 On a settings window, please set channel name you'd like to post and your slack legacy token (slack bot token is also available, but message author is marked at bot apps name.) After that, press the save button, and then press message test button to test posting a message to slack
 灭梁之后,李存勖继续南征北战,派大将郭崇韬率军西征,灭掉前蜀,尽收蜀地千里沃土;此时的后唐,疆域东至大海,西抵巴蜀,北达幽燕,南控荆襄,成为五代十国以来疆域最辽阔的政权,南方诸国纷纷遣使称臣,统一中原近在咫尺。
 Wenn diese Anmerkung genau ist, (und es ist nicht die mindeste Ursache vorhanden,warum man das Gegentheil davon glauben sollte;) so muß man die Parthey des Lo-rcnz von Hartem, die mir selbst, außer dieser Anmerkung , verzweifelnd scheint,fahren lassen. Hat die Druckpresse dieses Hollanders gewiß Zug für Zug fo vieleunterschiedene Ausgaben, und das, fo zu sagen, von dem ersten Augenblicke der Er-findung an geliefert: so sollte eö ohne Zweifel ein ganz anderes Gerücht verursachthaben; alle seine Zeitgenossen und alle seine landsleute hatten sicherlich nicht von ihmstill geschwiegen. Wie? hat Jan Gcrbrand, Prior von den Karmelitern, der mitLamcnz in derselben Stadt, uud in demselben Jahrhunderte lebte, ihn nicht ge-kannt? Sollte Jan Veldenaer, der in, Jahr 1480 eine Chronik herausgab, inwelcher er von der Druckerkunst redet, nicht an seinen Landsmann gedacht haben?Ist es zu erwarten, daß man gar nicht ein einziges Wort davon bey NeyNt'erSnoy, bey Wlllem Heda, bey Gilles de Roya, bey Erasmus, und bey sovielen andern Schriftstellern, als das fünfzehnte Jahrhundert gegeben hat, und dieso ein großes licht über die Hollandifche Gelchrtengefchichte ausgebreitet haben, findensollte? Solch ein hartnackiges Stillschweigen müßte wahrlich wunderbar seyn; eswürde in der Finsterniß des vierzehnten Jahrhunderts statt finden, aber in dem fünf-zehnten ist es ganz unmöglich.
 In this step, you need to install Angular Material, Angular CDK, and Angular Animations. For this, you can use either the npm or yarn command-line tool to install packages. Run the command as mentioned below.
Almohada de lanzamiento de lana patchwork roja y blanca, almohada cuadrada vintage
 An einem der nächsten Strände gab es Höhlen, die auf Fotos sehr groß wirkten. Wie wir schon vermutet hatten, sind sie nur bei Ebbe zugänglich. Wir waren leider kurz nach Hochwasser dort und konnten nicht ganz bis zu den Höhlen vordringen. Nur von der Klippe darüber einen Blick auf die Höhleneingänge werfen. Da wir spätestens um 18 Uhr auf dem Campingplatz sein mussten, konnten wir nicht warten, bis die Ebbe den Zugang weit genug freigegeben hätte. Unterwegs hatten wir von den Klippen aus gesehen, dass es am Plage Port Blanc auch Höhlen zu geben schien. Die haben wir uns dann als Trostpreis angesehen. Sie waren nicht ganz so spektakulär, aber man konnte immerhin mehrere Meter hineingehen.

====================

▶ TASK DETAILS
Return the entries above unchanged, starting at the first line and stopping after the line with "灭梁之后,李存勖继续南征北战".

▶ OUTPUT
 On a settings window, please set channel name you'd like to post and your slack legacy token (slack bot token is also available, but message author is marked at bot apps name.) After that, press the save button, and then press message test button to test posting a message to slack
 灭梁之后,李存勖继续南征北战,派大将郭崇韬率军西征,灭掉前蜀,尽收蜀地千里沃土;此时的后唐,疆域东至大海,西抵巴蜀,北达幽燕,南控荆襄,成为五代十国以来疆域最辽阔的政权,南方诸国纷纷遣使称臣,统一中原近在咫尺。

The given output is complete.